12

46 7 2
                                    


-Beni neden sevmedin?

Çocukluk. Ne kadar basit ve tanıdık bir kelime değil mi? Kimileri için sadece diğerleri gibi bir kelime iken bazı kimseler için çok derin anlamlar içeren o basit kelime. Çünkü çocukluk öyle bir zamandır ki: hiçbir şeyin farkında olmadığın, hayatın tospembe göründüğü ve hiçbir şeyi kafana takmak zorunda olmadığın masum zamanlardır. Ama kimileri için o çocukluk hiçbir zaman gelmemiştir. Yaşayamamıştır o masum dönemleri ve bir anda büyüyüvermiştir. Hiç yaşamamış o etrafına bakıp ta annesine "bu ne" diye soran kimseler, babasının sırtında merdiven çıkmayanlar vede rastgele bir yerde uyuyup kendi yatağında uyananlar... Pardon. Uyanamayanlar.

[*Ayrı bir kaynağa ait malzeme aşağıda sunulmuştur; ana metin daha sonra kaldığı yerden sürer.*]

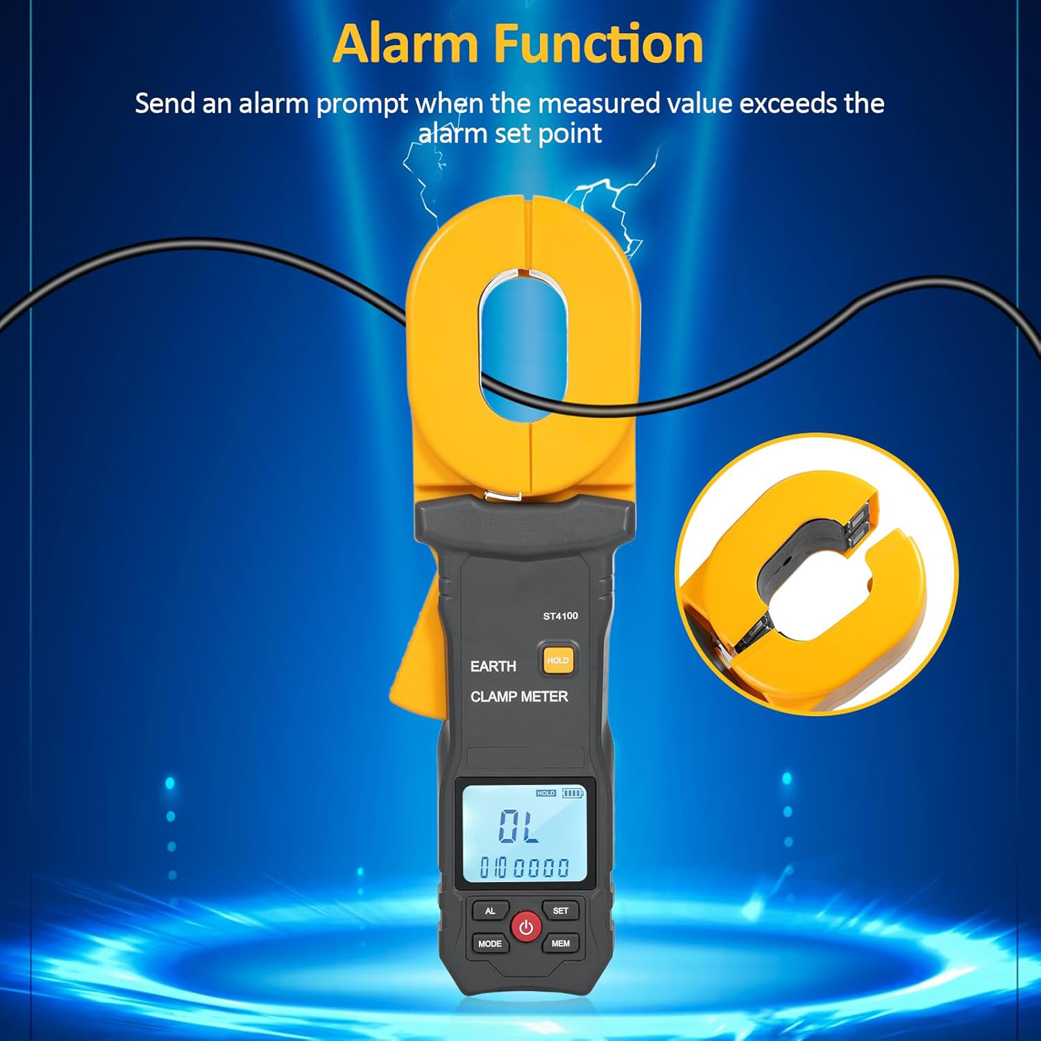 - Clamp-on Design for Easy Operation: No need to disconnect the grounding system or use auxiliary electrodes. Simply clamp around the grounding conductor for instant readings, saving time and effort.

İşte bir çok insana o yüzden ağır gelir bu üç hecelik kelime. Bir Yoongi vardı mesela. Hiç babasından iyi bir şey duymamış, annesinin kucağında bir kez uyumamış, evinde huzur bulmamıştı zira. Bir kez başını okşayıpta "bir şeye ihtiyacın var mı?" Dememiş. Daha kendi ihtiyaçlarını karşılayamayan adam neden çocuğunun ihtiyacını sorsun? Daha doğrusu daha evinde sabit oturup evinin başında duramayan adam neden baba olmuş? Çok acı değil mi? İnsanların sırf aptal bir zevk için çocuk getirip birde bakamamaları. Herkes anne, baba olmamalıydı. Zaten sadece çocuğu dünyaya getirerek anne, baba olunmazdı.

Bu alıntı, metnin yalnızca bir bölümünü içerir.